AIM OF THE TASK:
Starting with the line that contains "These wedges are" and stopping after the line that contains "Business person secures", return each line below exactly as written, with no others.

SOURCE INFORMATION:
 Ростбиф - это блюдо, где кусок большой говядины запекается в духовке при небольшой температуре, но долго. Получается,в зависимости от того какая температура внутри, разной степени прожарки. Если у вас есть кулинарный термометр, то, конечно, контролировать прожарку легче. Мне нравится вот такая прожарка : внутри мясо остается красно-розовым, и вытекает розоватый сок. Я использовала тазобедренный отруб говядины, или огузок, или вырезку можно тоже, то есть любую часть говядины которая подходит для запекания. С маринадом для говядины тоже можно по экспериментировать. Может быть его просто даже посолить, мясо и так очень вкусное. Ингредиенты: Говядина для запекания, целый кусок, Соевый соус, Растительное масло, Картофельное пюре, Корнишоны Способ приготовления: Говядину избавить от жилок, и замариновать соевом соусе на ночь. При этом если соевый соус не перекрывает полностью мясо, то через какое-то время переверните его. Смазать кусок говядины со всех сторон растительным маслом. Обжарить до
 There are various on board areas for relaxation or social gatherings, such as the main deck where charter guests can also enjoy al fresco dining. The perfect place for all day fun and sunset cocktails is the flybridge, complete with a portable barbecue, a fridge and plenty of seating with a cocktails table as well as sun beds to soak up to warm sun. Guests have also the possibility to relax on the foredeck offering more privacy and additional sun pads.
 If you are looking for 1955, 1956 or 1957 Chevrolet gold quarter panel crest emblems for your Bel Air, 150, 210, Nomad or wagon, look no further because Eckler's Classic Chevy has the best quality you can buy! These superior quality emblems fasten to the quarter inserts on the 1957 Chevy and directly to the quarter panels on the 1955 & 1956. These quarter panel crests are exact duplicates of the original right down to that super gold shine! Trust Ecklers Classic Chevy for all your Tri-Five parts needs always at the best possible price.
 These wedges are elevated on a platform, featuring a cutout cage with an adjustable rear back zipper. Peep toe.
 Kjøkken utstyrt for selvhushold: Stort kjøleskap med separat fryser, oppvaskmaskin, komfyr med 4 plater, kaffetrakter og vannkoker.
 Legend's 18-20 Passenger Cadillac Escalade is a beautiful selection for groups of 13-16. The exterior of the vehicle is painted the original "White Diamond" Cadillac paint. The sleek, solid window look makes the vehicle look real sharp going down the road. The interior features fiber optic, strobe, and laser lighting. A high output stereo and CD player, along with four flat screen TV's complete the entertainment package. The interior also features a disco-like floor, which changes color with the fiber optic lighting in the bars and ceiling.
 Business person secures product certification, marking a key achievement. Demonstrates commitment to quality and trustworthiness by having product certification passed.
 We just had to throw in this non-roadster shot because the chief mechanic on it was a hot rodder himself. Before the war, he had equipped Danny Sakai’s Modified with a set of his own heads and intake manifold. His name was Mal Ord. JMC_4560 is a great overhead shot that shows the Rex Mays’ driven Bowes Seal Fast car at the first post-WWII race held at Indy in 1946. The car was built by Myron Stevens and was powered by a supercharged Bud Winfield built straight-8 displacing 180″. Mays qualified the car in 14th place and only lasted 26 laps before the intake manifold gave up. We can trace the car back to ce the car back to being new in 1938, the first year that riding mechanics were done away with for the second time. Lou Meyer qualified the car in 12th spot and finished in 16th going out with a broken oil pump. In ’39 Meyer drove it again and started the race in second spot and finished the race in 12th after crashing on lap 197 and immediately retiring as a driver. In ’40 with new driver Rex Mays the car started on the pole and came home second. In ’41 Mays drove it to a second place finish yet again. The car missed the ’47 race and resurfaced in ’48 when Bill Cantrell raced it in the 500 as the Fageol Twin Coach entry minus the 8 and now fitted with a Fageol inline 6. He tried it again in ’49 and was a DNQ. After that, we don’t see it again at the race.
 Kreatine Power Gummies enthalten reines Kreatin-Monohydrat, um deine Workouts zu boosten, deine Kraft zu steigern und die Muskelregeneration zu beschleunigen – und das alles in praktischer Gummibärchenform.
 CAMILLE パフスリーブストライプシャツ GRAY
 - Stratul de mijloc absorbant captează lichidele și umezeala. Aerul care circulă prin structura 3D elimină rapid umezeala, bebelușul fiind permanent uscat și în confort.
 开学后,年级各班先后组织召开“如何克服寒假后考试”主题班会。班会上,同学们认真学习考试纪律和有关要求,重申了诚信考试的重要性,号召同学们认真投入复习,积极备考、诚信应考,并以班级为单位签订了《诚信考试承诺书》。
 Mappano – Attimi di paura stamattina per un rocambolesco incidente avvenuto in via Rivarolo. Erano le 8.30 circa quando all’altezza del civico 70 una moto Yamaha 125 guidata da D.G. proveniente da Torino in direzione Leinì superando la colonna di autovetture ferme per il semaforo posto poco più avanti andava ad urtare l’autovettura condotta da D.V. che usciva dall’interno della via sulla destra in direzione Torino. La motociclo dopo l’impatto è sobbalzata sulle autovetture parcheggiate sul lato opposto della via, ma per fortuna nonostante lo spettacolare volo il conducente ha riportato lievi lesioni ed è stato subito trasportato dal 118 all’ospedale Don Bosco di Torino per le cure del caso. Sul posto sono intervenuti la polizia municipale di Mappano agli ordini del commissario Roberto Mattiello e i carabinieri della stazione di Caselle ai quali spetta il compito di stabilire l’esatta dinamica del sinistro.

TASK ANSWER:
 These wedges are elevated on a platform, featuring a cutout cage with an adjustable rear back zipper. Peep toe.
 Kjøkken utstyrt for selvhushold: Stort kjøleskap med separat fryser, oppvaskmaskin, komfyr med 4 plater, kaffetrakter og vannkoker.
 Legend's 18-20 Passenger Cadillac Escalade is a beautiful selection for groups of 13-16. The exterior of the vehicle is painted the original "White Diamond" Cadillac paint. The sleek, solid window look makes the vehicle look real sharp going down the road. The interior features fiber optic, strobe, and laser lighting. A high output stereo and CD player, along with four flat screen TV's complete the entertainment package. The interior also features a disco-like floor, which changes color with the fiber optic lighting in the bars and ceiling.
 Business person secures product certification, marking a key achievement. Demonstrates commitment to quality and trustworthiness by having product certification passed.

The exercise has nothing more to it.